The report, from HR expert and consultant Josh Bersin, suggested that in the US fewer than 12% of companies compensated or tracked senior leaders for achievement of specific inclusion or diversity goals, while:
Bersin’s wide-ranging study, called Elevating Equity: The Real Story of Diversity and Inclusion, states that in the US, by almost every measure (income, wealth, home ownership, education, and outlook for the future), “black and minority Americans are at their lowest level of equity since the 1970s”.
According to the report, about 80% of companies “are just going through the motions and not holding themselves accountable”. These companies were not winning awards and they were “far less profitable, resilient, and well-regarded than their peers”.
When leaders create an organisation in which everyone can be themselves and bring their differences to work, the organisation will thrive”

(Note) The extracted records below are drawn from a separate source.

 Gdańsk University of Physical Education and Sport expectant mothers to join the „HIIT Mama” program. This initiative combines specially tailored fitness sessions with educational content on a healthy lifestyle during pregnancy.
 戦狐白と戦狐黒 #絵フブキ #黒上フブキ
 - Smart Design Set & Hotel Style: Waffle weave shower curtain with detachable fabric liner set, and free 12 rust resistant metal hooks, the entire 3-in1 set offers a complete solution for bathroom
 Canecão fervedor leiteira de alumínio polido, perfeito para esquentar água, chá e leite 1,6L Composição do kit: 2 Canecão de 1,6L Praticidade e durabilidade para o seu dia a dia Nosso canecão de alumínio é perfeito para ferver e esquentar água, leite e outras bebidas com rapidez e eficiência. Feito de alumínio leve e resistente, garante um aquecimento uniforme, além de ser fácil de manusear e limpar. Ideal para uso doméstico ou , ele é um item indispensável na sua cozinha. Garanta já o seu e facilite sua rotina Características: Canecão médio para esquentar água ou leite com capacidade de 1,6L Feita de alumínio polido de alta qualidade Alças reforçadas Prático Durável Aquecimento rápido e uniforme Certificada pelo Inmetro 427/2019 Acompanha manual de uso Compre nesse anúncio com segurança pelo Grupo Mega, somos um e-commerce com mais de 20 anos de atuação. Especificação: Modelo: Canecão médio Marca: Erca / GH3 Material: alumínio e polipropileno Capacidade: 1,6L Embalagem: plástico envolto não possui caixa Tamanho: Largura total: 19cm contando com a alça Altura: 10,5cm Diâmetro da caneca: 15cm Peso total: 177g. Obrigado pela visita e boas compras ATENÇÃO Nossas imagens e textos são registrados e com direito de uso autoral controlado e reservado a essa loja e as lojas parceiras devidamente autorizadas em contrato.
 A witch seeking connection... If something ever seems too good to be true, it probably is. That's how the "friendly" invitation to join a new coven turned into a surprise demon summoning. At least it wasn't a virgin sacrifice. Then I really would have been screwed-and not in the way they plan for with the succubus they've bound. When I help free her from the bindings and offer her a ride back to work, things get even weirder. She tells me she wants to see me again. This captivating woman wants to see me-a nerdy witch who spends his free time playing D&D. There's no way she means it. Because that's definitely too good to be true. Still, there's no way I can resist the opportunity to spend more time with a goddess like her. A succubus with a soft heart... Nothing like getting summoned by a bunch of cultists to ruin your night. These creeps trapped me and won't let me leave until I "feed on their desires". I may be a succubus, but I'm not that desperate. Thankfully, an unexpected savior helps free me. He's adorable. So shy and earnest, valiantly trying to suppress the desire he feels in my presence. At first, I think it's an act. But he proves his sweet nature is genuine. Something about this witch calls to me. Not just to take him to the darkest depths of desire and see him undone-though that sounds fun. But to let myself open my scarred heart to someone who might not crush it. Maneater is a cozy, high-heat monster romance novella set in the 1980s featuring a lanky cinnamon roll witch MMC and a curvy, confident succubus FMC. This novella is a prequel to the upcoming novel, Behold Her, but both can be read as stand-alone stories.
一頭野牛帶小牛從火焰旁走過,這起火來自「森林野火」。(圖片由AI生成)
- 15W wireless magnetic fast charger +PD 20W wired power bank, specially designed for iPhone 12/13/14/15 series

However, Bersin said that business and HR leaders could rectify the problem because “Business-driven diversity, equity and inclusion (DEI) programs are one of the most powerful ways to improve upward mobility in the economy. And, of course, DEI is just good business.”

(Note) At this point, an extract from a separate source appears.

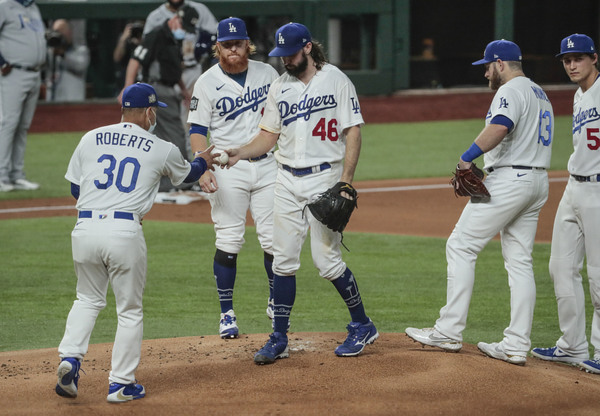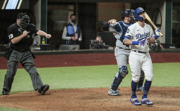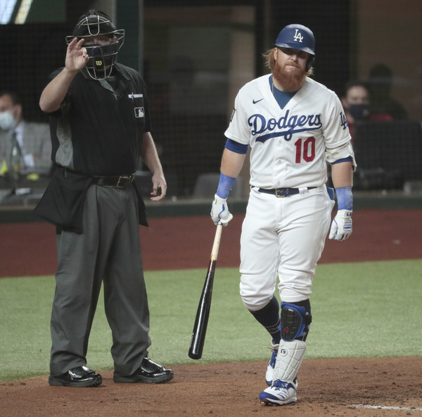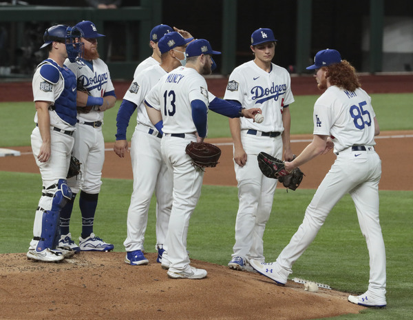 The Los Angeles Dodgers' Cody Bellinger strikes out in the eighth inning against the Tampa Bay Rays in Game 2 of the World Series at Globe Life Field in Arlington, Texas, on Wednesday, Oct. 21, 2020. The Rays won, 6-4, to even the series. (Robert Gauthier/Los Angeles Times/TNS)Los Angeles Dodgers starting pitcher Tony Gonsolin (46) is removed from the game by manager Dave Roberts (30) in the second inning against the Tampa Bay Rays in Game 2 of the World Series at Globe Life Field in Arlington, Texas, on Wednesday, Oct. 21, 2020. (Robert Gauthier/Los Angeles Times/TNS)Los Angeles Dodgers pitcher Dustin May holds his head after giving up a two-run double to the Tampa Bay Rays in the fourth inning in Game 2 of the World Series at Globe Life Field in Arlington, Texas, on Wednesday, Oct. 21, 2020. (Wally Skalij/Los Angeles Times/TNS)Los Angeles Dodgers starting pitcher Tony Gonsolin throws the first inning against the Tampa Bay Rays in Game 2 of the World Series at Globe Life Field in Arlington, Texas, on Wednesday, Oct. 21, 2020. (Robert Gauthier/Los Angeles Times/TNS)Los Angeles Dodgers pitcher Victor Gonzalez (81) looks skyward after leaving the mound in the fourth inning against the Tampa Bay Rays in Game 2 of the World Series at Globe Life Field in Arlington, Texas, on Wednesday, Oct. 21, 2020. (Robert Gauthier/Los Angeles Times/TNS)The Tampa Bay Rays' Manuel Margot (13) is tagged out at home by Los Angeles Dodgers catcher Will Smith on a throw from shortstop Corey Seager in the second inning in Game 2 of the World Series at Globe Life Field in Arlington, Texas, on Wednesday, Oct. 21, 2020. (Wally Skalij/Los Angeles Times/TNS)Tampa Bay Rays relief pitcher Diego Castillo celebrates after the final out in a 6-4 series-tying win against the Los Angeles Dodgers in Game 2 of the World Series at Globe Life Field in Arlington, Texas, on Wednesday, Oct. 21, 2020. (Robert Gauthier/Los Angeles Times/TNS)The Tampa Bay Rays' Manuel Margot, left, is tagged out at home by Los Angeles Dodgers catcher Will Smith on a throw from shortstop Corey Seager in the second inning in Game 2 of the World Series at Globe Life Field in Arlington, Texas, on Wednesday, Oct. 21, 2020. (Robert Gauthier/Los Angeles Times/TNS)The Los Angeles Dodgers' Chris Taylor hits a two-run home run in the fifth inning against the Tampa Bay Rays in Game 2 of the World Series at Globe Life Field in Arlington, Texas, on Wednesday, Oct. 21, 2020. (Robert Gauthier/Los Angeles Times/TNS)Tampa Bay Rays starting pitcher Blake Snell throws against the Los Angeles Dodgers in Game 2 of the World Series at Globe Life Field in Arlington, Texas, on Wednesday, Oct. 21, 2020. (Robert Gauthier/Los Angeles Times/TNS)The Los Angeles Dodgers' Cody Bellinger strikes out in the eighth inning against the Tampa Bay Rays in Game 2 of the World Series at Globe Life Field in Arlington, Texas, on Wednesday, Oct. 21, 2020. The Rays won, 6-4, to even the series. (Robert Gauthier/Los Angeles Times/TNS)The Tampa Bay Rays' Manuel Margot, right, is greeted by teammate Willy Adames after scoring in the fourth inning against the Los Angeles Dodgers in Game 2 of the World Series at Globe Life Field in Arlington, Texas, on Wednesday, Oct. 21, 2020. (Robert Gauthier/Los Angeles Times/TNS)Los Angeles Dodgers infielders Justin Turner (10) and Corey Seager (5) share a light moment on the field after Seager chased down a fly ball for the final out of the third inning against the Tampa Bay Rays in Game 2 of the World Series at Globe Life Field in Arlington, Texas, on Wednesday, Oct. 21, 2020. (Robert Gauthier/Los Angeles Times/TNS)Los Angeles Dodgers infielder Corey Seager (5) chases down a fly ball to make the catch to end the third inning against the Tampa Bay Rays in Game 2 of the World Series at Globe Life Field in Arlington, Texas, on Wednesday, Oct. 21, 2020. (Wally Skalij/Los Angeles Times/TNS)The Los Angeles Dodgers' Corey Seager hits a solo home run in the eighth inning against the Tampa Bay Rays in Game 2 of the World Series at Globe Life Field in Arlington, Texas, on Wednesday, Oct. 21, 2020. The Rays won, 6-4, to even the series. (Wally Skalij/Los Angeles Times/TNS)The Los Angeles Dodgers' Corey Seager hits a solo home run in the eighth inning against the Tampa Bay Rays in Game 2 of the World Series at Globe Life Field in Arlington, Texas, on Wednesday, Oct. 21, 2020. The Rays won, 6-4, to even the series. (Robert Gauthier/Los Angeles Times/TNS)The Los Angeles Dodgers' Justin Turner (10) is unhappy with the strikeout call of umpire Todd Tichenor in the first inning against the Tampa Bay Rays in Game 2 of the World Series at Globe Life Field in Arlington, Texas, on Wednesday, Oct. 21, 2020. (Robert Gauthier/Los Angeles Times/TNS)The Tampa Bay Rays' Manuel Margot is tagged out at home by Los Angeles Dodgers catcher Will Smith (16) on a throw from shortstop Corey Seager in the second inning in Game 2 of the World Series at Globe Life Field in Arlington, Texas, on Wednesday, Oct. 21, 2020. (Robert Gauthier/Los Angeles Times/TNS)Tampa Bay Rays relief pitcher Diego Castillo celebrates after the final out in a 6-4 series-tying win against the Los Angeles Dodgers in Game 2 of the World Series at Globe Life Field in Arlington, Texas, on Wednesday, Oct. 21, 2020. (Wally Skalij/Los Angeles Times/TNS)Los Angeles Dodgers pitcher Tony Gonsolin throws in the first inning against the Tampa Bay Rays in Game 2 of the World Series at Globe Life Field in Arlington, Texas, on Wednesday, Oct. 21, 2020. (Wally Skalij/Los Angeles Times/TNS)The Los Angeles Dodgers' Max Muncy (13) walks back to the dugout after striking out against the Tampa Bay Rays in the fourth inning as teammates, from left, Chris Taylor, Clayton Kershaw, Joc Pederson and Justin Turner, look on against the Tampa Bay Rays in Game 2 of the World Series at Globe Life Field in Arlington, Texas, on Wednesday, Oct. 21, 2020. The Rays won, 6-4, to even the series. (Wally Skalij/Los Angeles Times/TNS)Los Angeles Dodgers pitche

Inclusion and culture were the two most important issues to address in improving DEI, said Bersin, quoting studies of 8 million workers that found that among all the employee issues studied, inclusion (a feeling of belonging) was now the top driver of employee satisfaction. He writes: “When leaders create an organisation in which everyone can be themselves and bring their differences to work, the organisation will thrive.”
The study confirmed that DEI training and recruitment practices did add value – “but not as much as you may think”. The business strategy, rather than HR initiatives, was the most powerful strategy to drive inclusion and diversity. “When the business had the right focus, the HR practices add value,” the report stated. When carried out in isolation, diversity and inclusion practices had little or no long-lasting impact.
Coca Cola, said Bersin’s study, provided an example of how diversity initiatives sometimes didn’t lead to lasting change. The firm spent years addressing the issues of racial disparities in leadership and pay (driven by a class action lawsuit for almost $200 million in 2000) and made major progress pushing diversity. “But despite the commitment from the CEO,” Bersin noted, “the company’s culture did not change, and today Coca Cola is revisiting its entire twenty-year effort to focus on inclusion and behavior change.”
When the business had the right focus, the HR practices add value”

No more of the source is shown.